#### [EXERCISE GOAL]
Could you set down exactly the lines of the data below, starting at the one that holds "The JG067MG by" and ending at the one that holds "Sleek, bold, and", both included, and only those?

#### [GIVEN RECORDS]
☆ ☆ ☆
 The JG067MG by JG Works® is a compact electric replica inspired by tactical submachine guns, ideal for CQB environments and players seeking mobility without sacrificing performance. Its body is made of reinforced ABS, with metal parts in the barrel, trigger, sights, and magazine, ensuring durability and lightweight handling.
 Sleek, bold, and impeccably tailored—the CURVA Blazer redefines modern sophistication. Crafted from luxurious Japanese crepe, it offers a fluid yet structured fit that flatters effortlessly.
☆ ☆ ☆
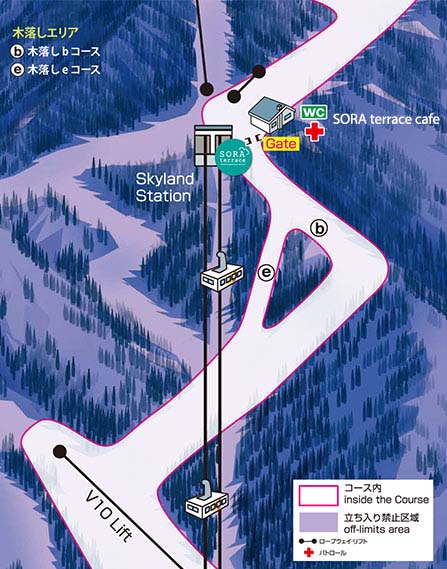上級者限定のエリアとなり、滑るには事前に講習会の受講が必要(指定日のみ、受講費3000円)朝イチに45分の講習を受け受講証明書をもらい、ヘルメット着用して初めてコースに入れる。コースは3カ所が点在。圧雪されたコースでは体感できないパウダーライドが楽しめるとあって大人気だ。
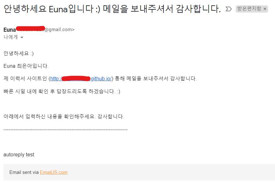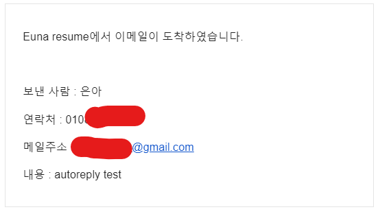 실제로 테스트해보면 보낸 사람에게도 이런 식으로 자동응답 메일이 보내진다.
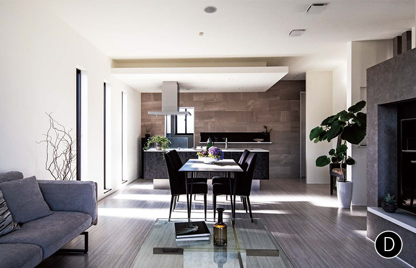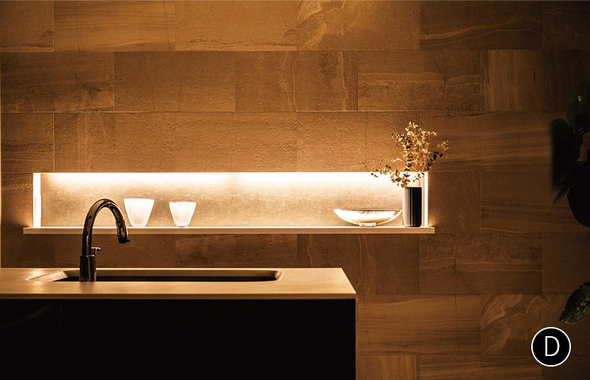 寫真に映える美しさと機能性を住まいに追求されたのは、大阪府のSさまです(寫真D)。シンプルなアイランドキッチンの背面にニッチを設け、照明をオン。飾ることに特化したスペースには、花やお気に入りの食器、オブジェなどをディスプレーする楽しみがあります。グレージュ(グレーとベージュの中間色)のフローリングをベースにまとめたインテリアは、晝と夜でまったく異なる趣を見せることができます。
☆ ☆ ☆
#### [PROBLEM SOLUTION]
 The JG067MG by JG Works® is a compact electric replica inspired by tactical submachine guns, ideal for CQB environments and players seeking mobility without sacrificing performance. Its body is made of reinforced ABS, with metal parts in the barrel, trigger, sights, and magazine, ensuring durability and lightweight handling.
 Sleek, bold, and impeccably tailored—the CURVA Blazer redefines modern sophistication. Crafted from luxurious Japanese crepe, it offers a fluid yet structured fit that flatters effortlessly.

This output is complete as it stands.